§ Assignment
Reproduce the listing in full, exactly as written, but without images.

§ Supplied material

= Beginning of Section =

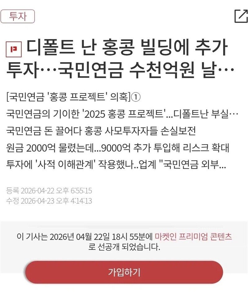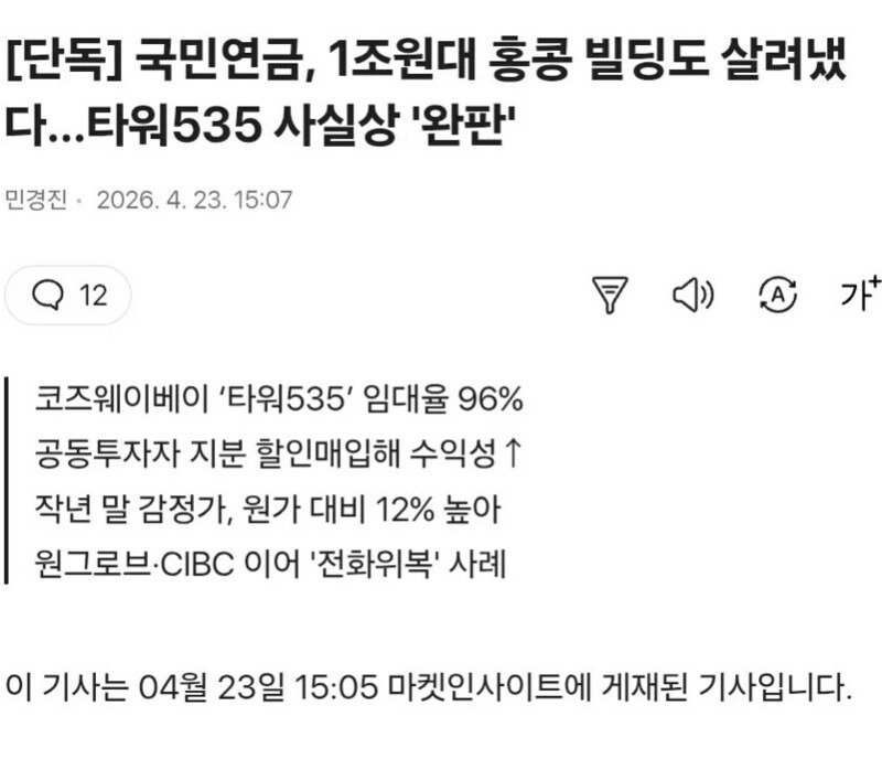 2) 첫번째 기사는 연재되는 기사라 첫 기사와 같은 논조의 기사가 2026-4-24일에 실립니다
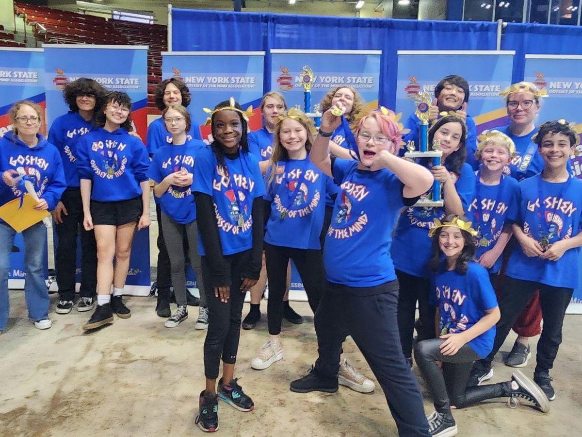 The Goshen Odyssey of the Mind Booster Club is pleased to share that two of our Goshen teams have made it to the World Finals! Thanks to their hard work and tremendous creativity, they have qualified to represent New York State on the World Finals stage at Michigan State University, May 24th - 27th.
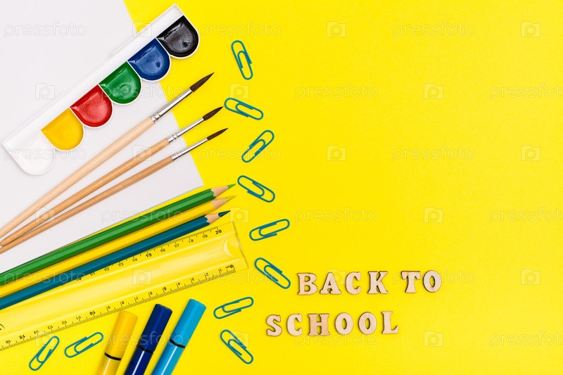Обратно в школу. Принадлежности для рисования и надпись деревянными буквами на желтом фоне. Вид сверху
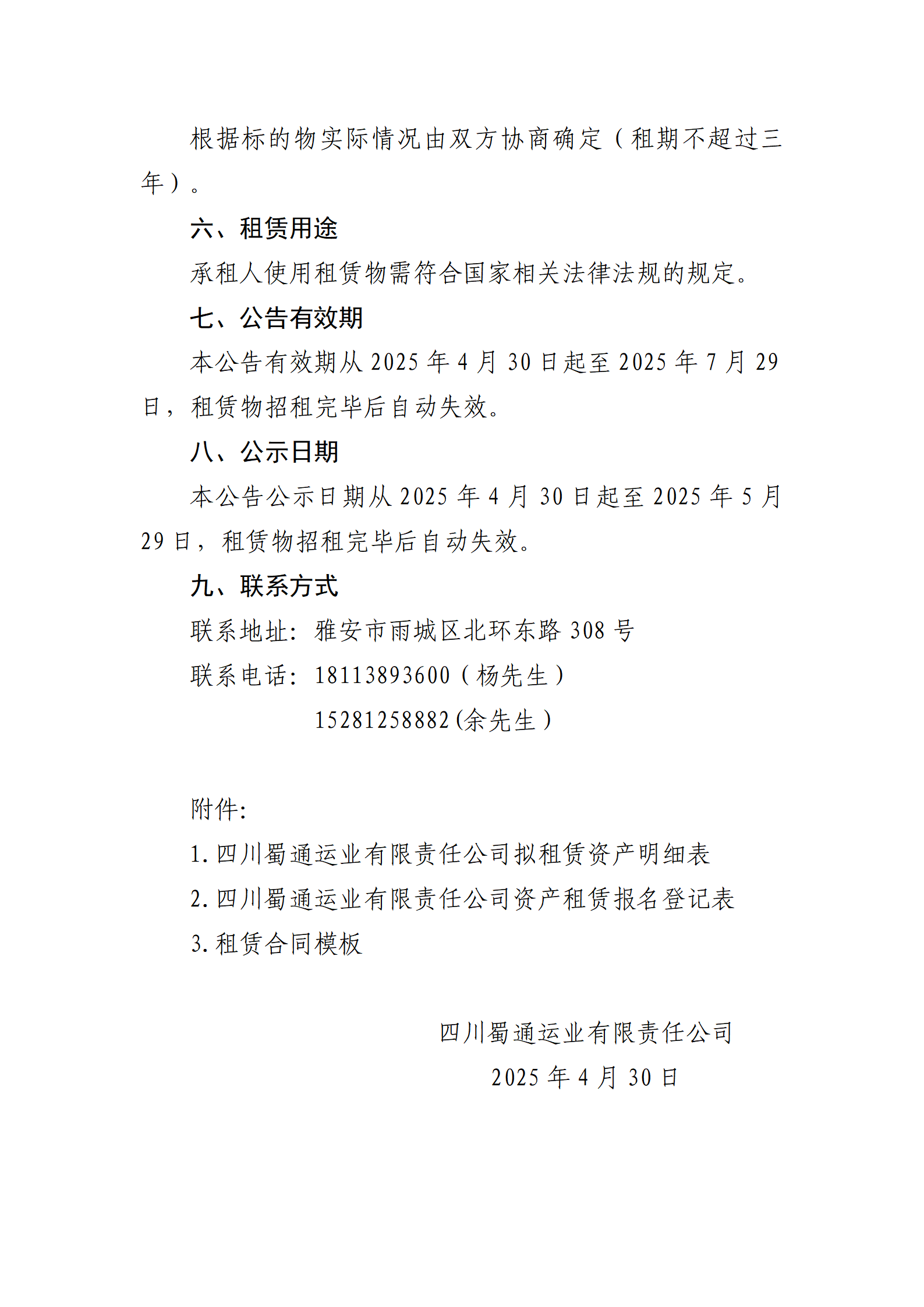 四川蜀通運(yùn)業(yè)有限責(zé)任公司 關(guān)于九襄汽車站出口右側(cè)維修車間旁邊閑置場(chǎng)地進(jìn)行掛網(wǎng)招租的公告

= End of Section =

§ Your solution
 2) 첫번째 기사는 연재되는 기사라 첫 기사와 같은 논조의 기사가 2026-4-24일에 실립니다
 The Goshen Odyssey of the Mind Booster Club is pleased to share that two of our Goshen teams have made it to the World Finals! Thanks to their hard work and tremendous creativity, they have qualified to represent New York State on the World Finals stage at Michigan State University, May 24th - 27th.
Обратно в школу. Принадлежности для рисования и надпись деревянными буквами на желтом фоне. Вид сверху
 四川蜀通運(yùn)業(yè)有限責(zé)任公司 關(guān)于九襄汽車站出口右側(cè)維修車間旁邊閑置場(chǎng)地進(jìn)行掛網(wǎng)招租的公告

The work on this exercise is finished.